Sentencia 2003-01225 de abril 19 de 2012

CONSEJO DE ESTADO 

SALA DE LO CONTENCIOSO ADMINISTRATIVO

SECCIÓN SEGUNDA - SUBSECCIÓN “A”

Rad.: 70001-23-31-000-2003-01225-02 (1779-08)

Consejero Ponente:

Dr. Gustavo Eduardo Gómez Aranguren

Actor: Josefina Arias Geney

Demandado: Departamento de Sucre

Apelación sentencia - Autoridades departamentales

Bogotá, D.C., diecinueve de abril de dos mil doce.

EXTRACTOS: «II. Consideraciones

1. Problema jurídico.

El problema jurídico por resolver, consiste en establecer si a la actora, quien se desempeñó como empleada del sector educativo del departamento de Sucre desde diciembre 9 de 1983, le asiste el derecho a que se le reconozca y pague la prima semestral consagrada en la Ordenanza 8 de noviembre de 1985 y la prima de antigüedad establecida en el Decreto 402 de noviembre 2 de 1998.

Para lo cual en primer término debe determinar la Sala si son constitutivas de salario; una vez precisado tal concepto, establecer si la asamblea departamental y el gobernador del departamento de Sucre eran competentes para crearlas, y en caso negativo, sí al desbordar la asamblea y el departamento de Sucre sus competencias, procedía la inaplicación de los actos en los que se sustenta el derecho económico reclamado por la señora Rosalba Luz Cuello de Carriazo, o si por el contrario, tales primas constituyen derechos adquiridos y como tal deben ser respetados.

Se pretende la nulidad del acto administrativo que negó a la actora las primas semestral y de antigüedad reclamadas, para lo cual debe en primer término determinar la Sala si son constitutivas de salario; una vez precisado tal concepto, establecer si la asamblea departamental y el gobernador del departamento de Sucre eran competentes para crearlas, y en caso negativo, sí al desbordar la asamblea y el departamento de Sucre sus competencias, procedía la inaplicación de los actos en los que se sustenta el derecho económico reclamado por la señora Josefina Arias Geney, o si por el contrario, tales primas constituyen derechos adquiridos y como tal deben ser respetados.

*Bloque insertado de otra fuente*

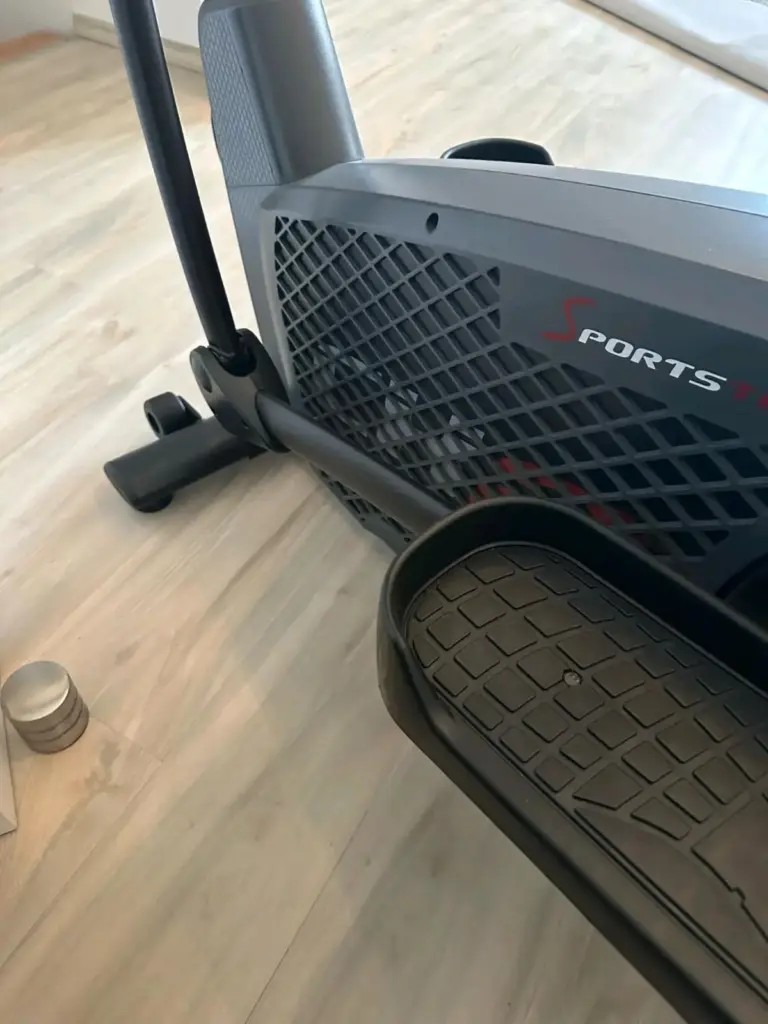Die Schrittlänge beträgt 40 cm. Dies ist ein guter Wert für die Mittelklasse und ermöglichte den meisten unserer Tester eine natürliche und effektive Schrittbewegung, die eher einem leichten Joggen ähnelt. Sie ist auch für größere Personen bis ca. 1,85m gut geeignet, für sehr große Personen könnte sie jedoch etwas limitierend sein. Der von uns gemessene Pedalabstand (Q-Faktor) liegt bei 20 cm. Das ist ein solider Durchschnittswert, der für die meisten Nutzer eine ergonomisch akzeptable, relativ hüftbreite Fußstellung erlaubt, wenn auch nicht ganz so schmal wie bei manchen Premium-Geräten.

2. Naturaleza de la prima de antigüedad y la prima semestral.

Tanto la prima de servicio y/o semestral, como la de antigüedad, son consideradas por el legislador y la doctrina como incrementos a los que se hace merecedor el empleado por su permanencia en el servicio. Normativamente están consagradas en los artículos 42 y 49 del Decreto 1042 de 1978, como factor salarial, por lo cual no es equivocado concluir que su naturaleza es salarial(1) en el entendido de que forman parte integral del salario, definido por la ley laboral colombiana como la retribución al trabajador por su servicio, por ello, todo pago recibido del empleador que además de tener un propósito retributivo constituya un ingreso personal del trabajador y sea habitual, tiene naturaleza salarial.

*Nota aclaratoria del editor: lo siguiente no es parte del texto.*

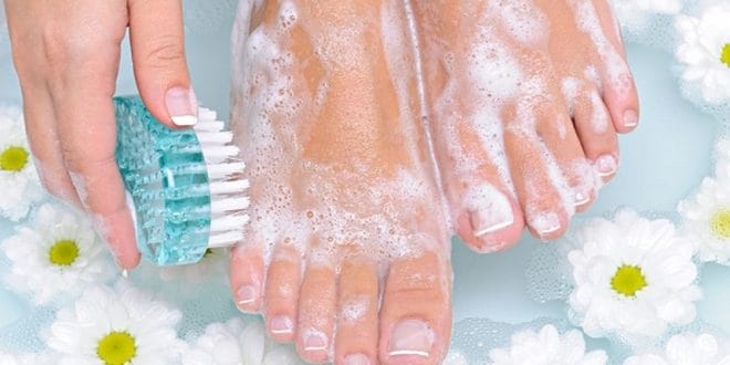بعد استعمال المقشر على القدمين، ينصح بفركها جيدا باستعمال الفرشاة.

El artículo 58 del Decreto 1042 de 1978, señala que la prima de servicios se liquida anualmente, equivale a 15 días de remuneración y es pagadera los primeros 15 días del mes de julio de cada año. Por su parte el incremento por antigüedad que consagra el artículo 49 del referido Decreto 1042 de 1978, beneficia también a todos los trabajadores al servicio de la administración, pero su porcentaje depende del tiempo laborado, en la medida en que la norma señala el período por el cual se hace merecedor y el porcentaje a pagar en dicho término, que varía según la permanencia en la entidad. Estos dos conceptos constituyen factor salarial en cuanto los perciben los trabajadores al servicio del Estado de manera habitual.

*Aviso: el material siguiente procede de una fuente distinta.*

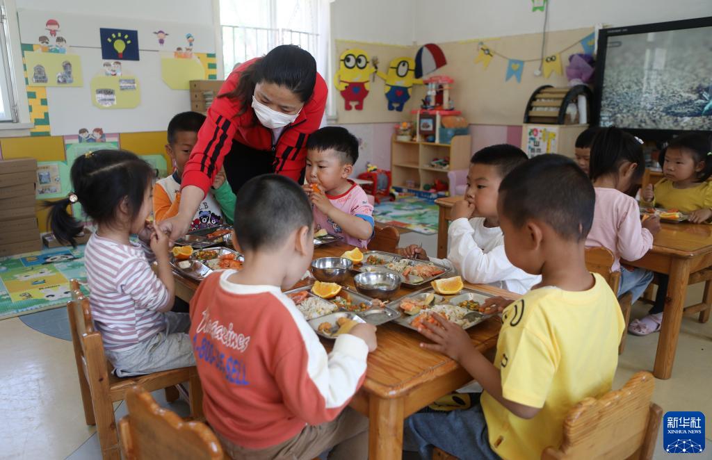 6月1日,牟苹丽在幼儿园协助小班的小朋友吃午饭。新华社记者 王乙杰 摄

3. Órganos competentes para fijar el régimen salarial de los servidores públicos.

La Constitución Política de 1886, en el artículo 76, determinó que el Congreso de la República creaba todos los empleos y fijaba las escalas de remuneración de las distintas categorías así como el régimen de prestaciones sociales, mandato que se ratificó con la expedición del acto legislativo 1 de 1968.

Bajo el mismo criterio, la Constitución Política de 1991, determinó en el artículo 150, numeral 19, que corresponde al Congreso hacer las leyes y por medio de ellas ejerce la función de dictar las normas generales, y, señalar en ellas los objetivos y criterios a los cuales debe sujetarse el gobierno para efectos de fijar, entre otros, el régimen salarial de los empleados públicos, de los miembros del Congreso Nacional y de la fuerza pública.

En ejercicio de esta atribución, el Congreso expide la Ley 4ª de 1992 “ Mediante la cual se señalan las normas, objetivos y criterios que debe observar el Gobierno Nacional para la fijación del régimen salarial ... de los empleados públicos, de los miembros del Congreso Nacional y de la fuerza pública (...), que en su artículo 12(2) le otorgó al gobierno la facultad de establecer el régimen prestacional de los servidores públicos de las entidades territoriales, y expresamente prohibió a las corporaciones públicas arrogarse esta facultad(3).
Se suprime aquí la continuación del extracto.